Prompt ->
An exact transcription of all the records below is required, without any images.

*** Source material Section Begins ***

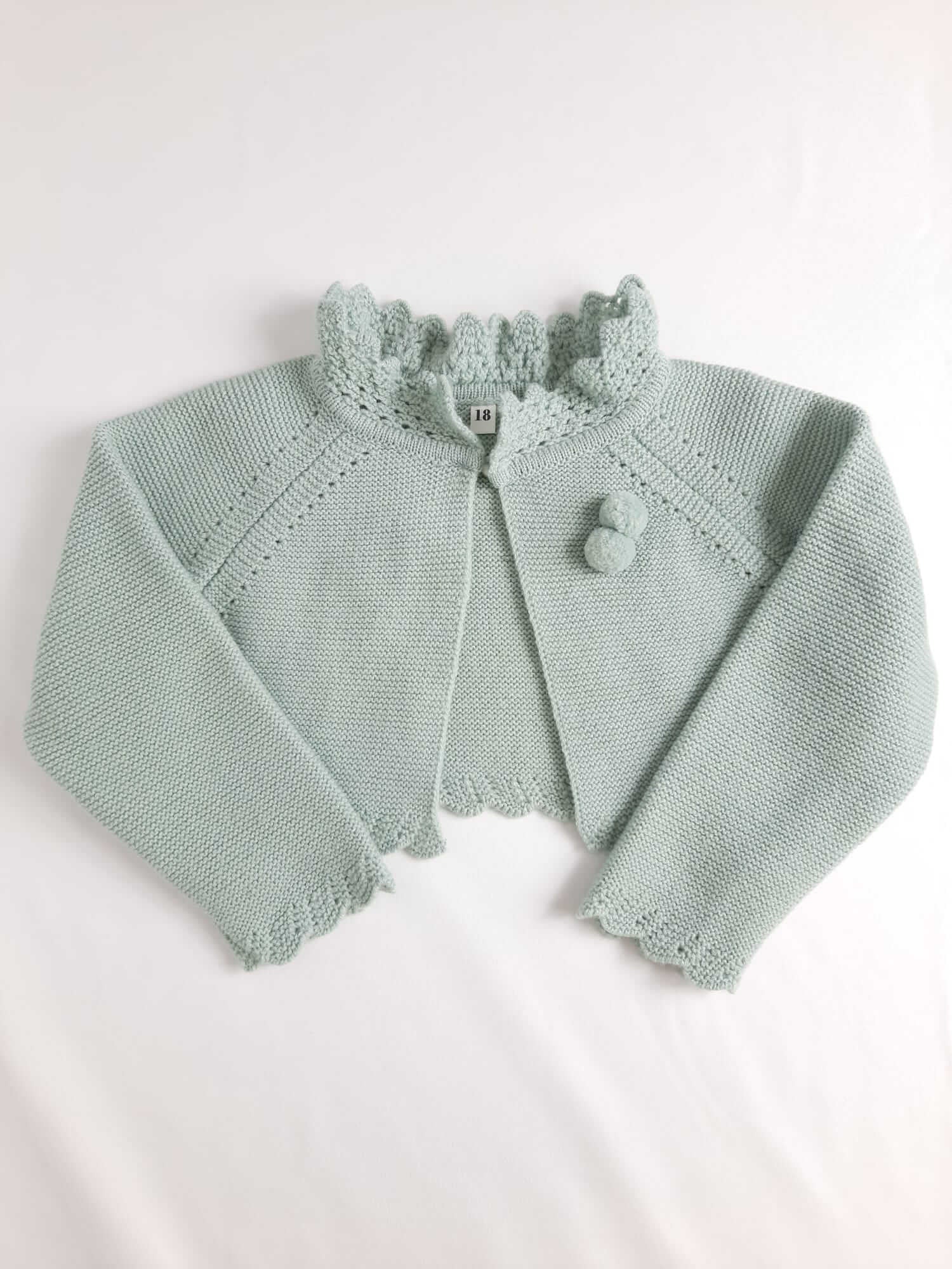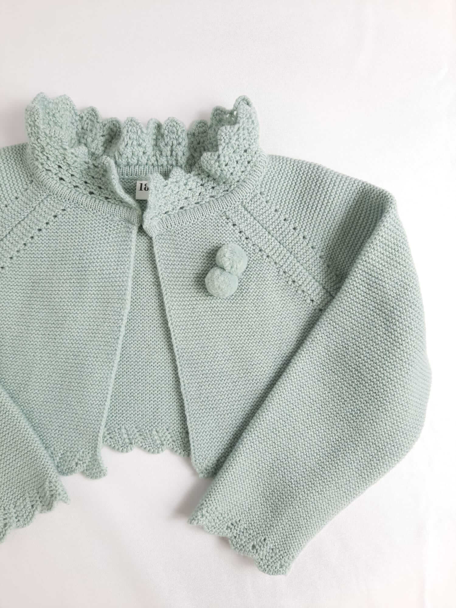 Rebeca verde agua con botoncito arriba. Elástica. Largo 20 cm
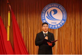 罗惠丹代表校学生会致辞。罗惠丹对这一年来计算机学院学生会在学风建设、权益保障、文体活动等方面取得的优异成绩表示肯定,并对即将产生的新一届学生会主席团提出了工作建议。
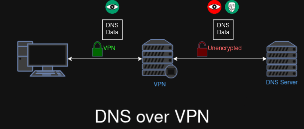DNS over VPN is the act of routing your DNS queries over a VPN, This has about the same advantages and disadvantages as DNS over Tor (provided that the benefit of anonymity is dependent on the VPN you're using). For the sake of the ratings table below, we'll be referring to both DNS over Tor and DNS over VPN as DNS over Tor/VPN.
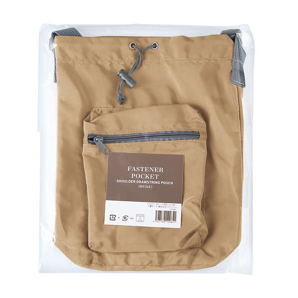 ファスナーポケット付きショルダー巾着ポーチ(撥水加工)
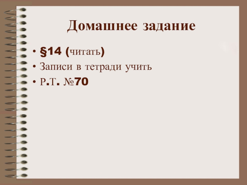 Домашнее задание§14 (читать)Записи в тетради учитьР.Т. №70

*** Source material Section Ends ***

Answer to this task ->
 Rebeca verde agua con botoncito arriba. Elástica. Largo 20 cm
 罗惠丹代表校学生会致辞。罗惠丹对这一年来计算机学院学生会在学风建设、权益保障、文体活动等方面取得的优异成绩表示肯定,并对即将产生的新一届学生会主席团提出了工作建议。
DNS over VPN is the act of routing your DNS queries over a VPN, This has about the same advantages and disadvantages as DNS over Tor (provided that the benefit of anonymity is dependent on the VPN you're using). For the sake of the ratings table below, we'll be referring to both DNS over Tor and DNS over VPN as DNS over Tor/VPN.
 ファスナーポケット付きショルダー巾着ポーチ(撥水加工)
 Домашнее задание§14 (читать)Записи в тетради учитьР.Т. №70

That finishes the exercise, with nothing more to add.